• **Task**: Write out exactly, with both ends included, the lines that run from the line containing "The neck design" to the end of the entries. Pictures are not part of the answer.
..............................
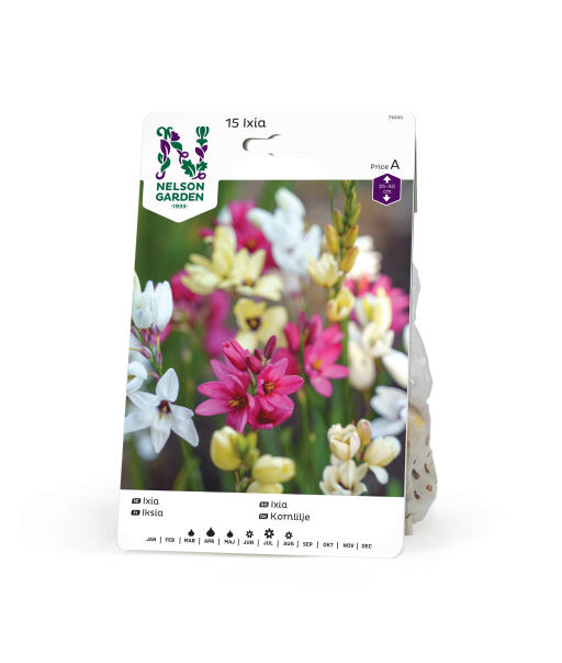 Iksiaa eli afrikkalaista harlekiinikukkaa löytyy useassa pirteässä värissä. Hennot, kellonmuotoiset kukat ovat pitkien vanojen päissä, ja siksi iksia sopii upeasti kimppuihin. Korkeutensa puolesta se sopii myös erinomaisesti kukkapenkin reunaan tai parvekeruukkuun.
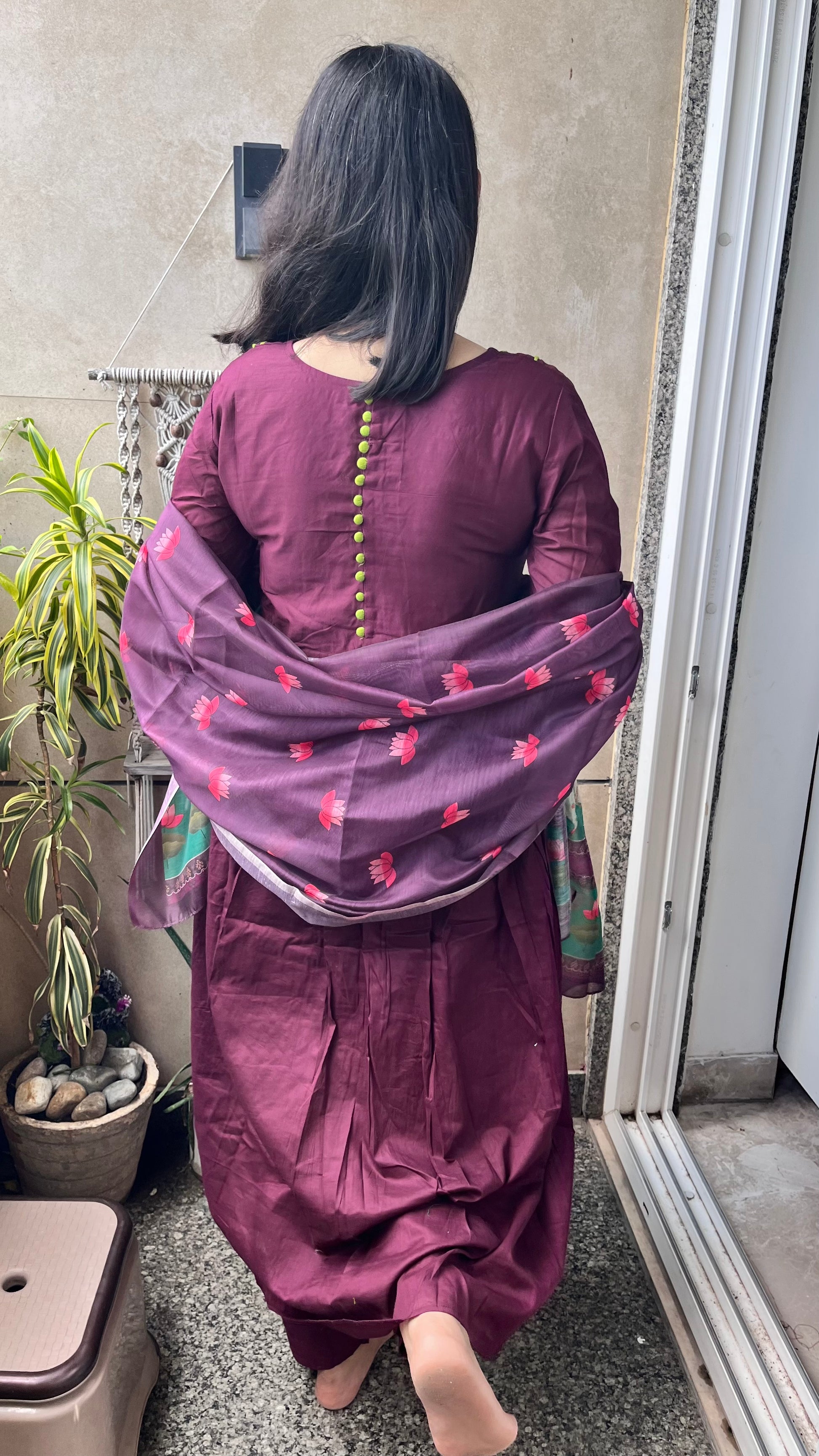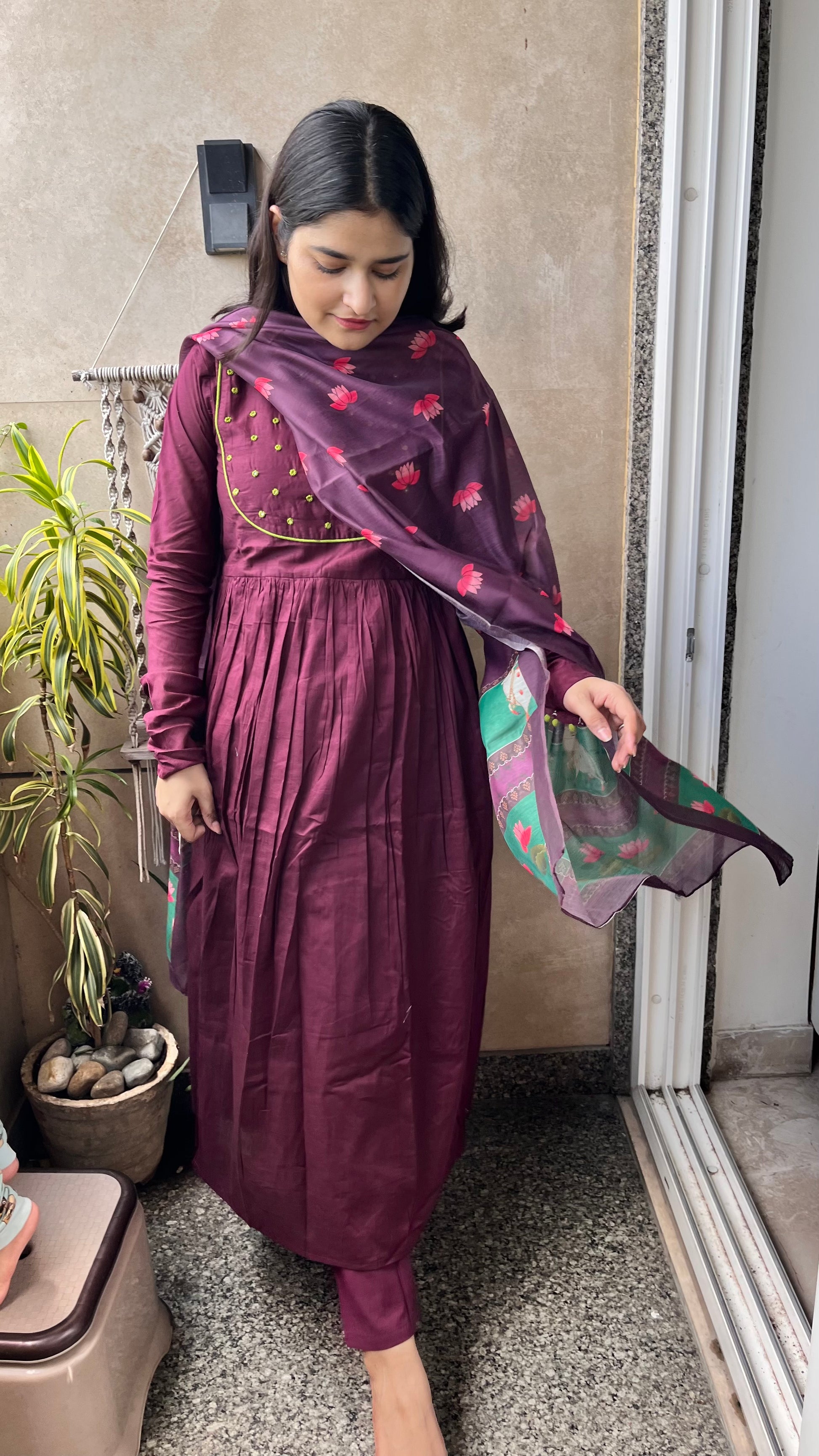 The neck design is intricate yet graceful, and the churidar sleeves offer a traditional yet chic touch, making this outfit perfect for both casual and festive occasions.
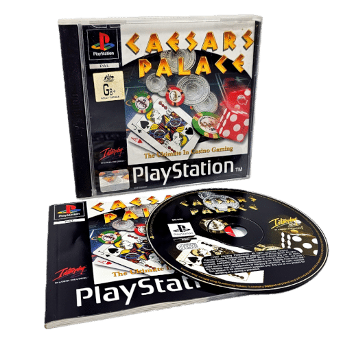 RARE FIND: Excellent Condition & 100% Complete with Contents: Caesars Palace for SONY Playstation 1 / PS1. This preowned game is in pristine condition – a tidy and complete collector’s item – with original case, covers (both front and reverse cover slips), manual / booklet and game disc. This is the PAL region copy of the game. Add this to your collection today and display it proudly!
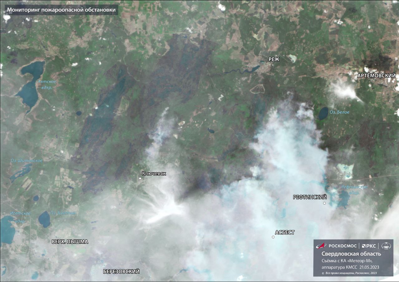 Выжженная земля и клубы дыма - так выглядит один из районов Свердловской области на снимке, опубликованном "Роскосмосом". На вчерашний день в регионе огонь бушевал на территории в 77 тысяч гектаров, сгорело более 300 жилых домов и почти 4 тысячи построек, в числе которых могут быть и садовые домики, где с началом весеннего сезона обитают пожилые люди.
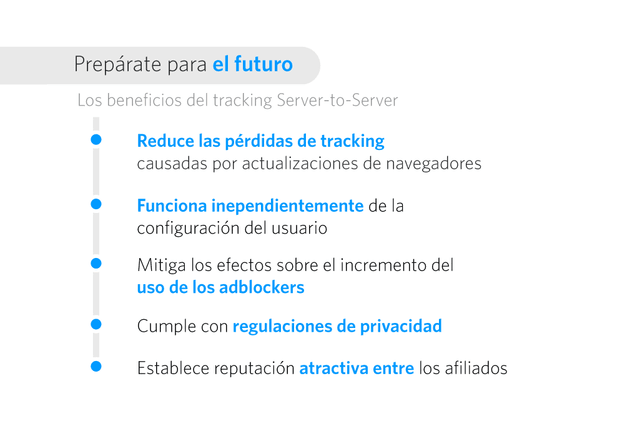 La evolución técnica hacia un nivel mayor de privacidad y protección del usuario no va a detenerse ni reducirse. El tracking servidor a servidor es el tracking online del futuro. Nuestra recomendación es adaptar el tracking para ser resilientes al aumento de restricciones y cambios de proveedores de navegador.
..............................
• **Solution for this exercise**:
 The neck design is intricate yet graceful, and the churidar sleeves offer a traditional yet chic touch, making this outfit perfect for both casual and festive occasions.
 RARE FIND: Excellent Condition & 100% Complete with Contents: Caesars Palace for SONY Playstation 1 / PS1. This preowned game is in pristine condition – a tidy and complete collector’s item – with original case, covers (both front and reverse cover slips), manual / booklet and game disc. This is the PAL region copy of the game. Add this to your collection today and display it proudly!
 Выжженная земля и клубы дыма - так выглядит один из районов Свердловской области на снимке, опубликованном "Роскосмосом". На вчерашний день в регионе огонь бушевал на территории в 77 тысяч гектаров, сгорело более 300 жилых домов и почти 4 тысячи построек, в числе которых могут быть и садовые домики, где с началом весеннего сезона обитают пожилые люди.
 La evolución técnica hacia un nivel mayor de privacidad y protección del usuario no va a detenerse ni reducirse. El tracking servidor a servidor es el tracking online del futuro. Nuestra recomendación es adaptar el tracking para ser resilientes al aumento de restricciones y cambios de proveedores de navegador.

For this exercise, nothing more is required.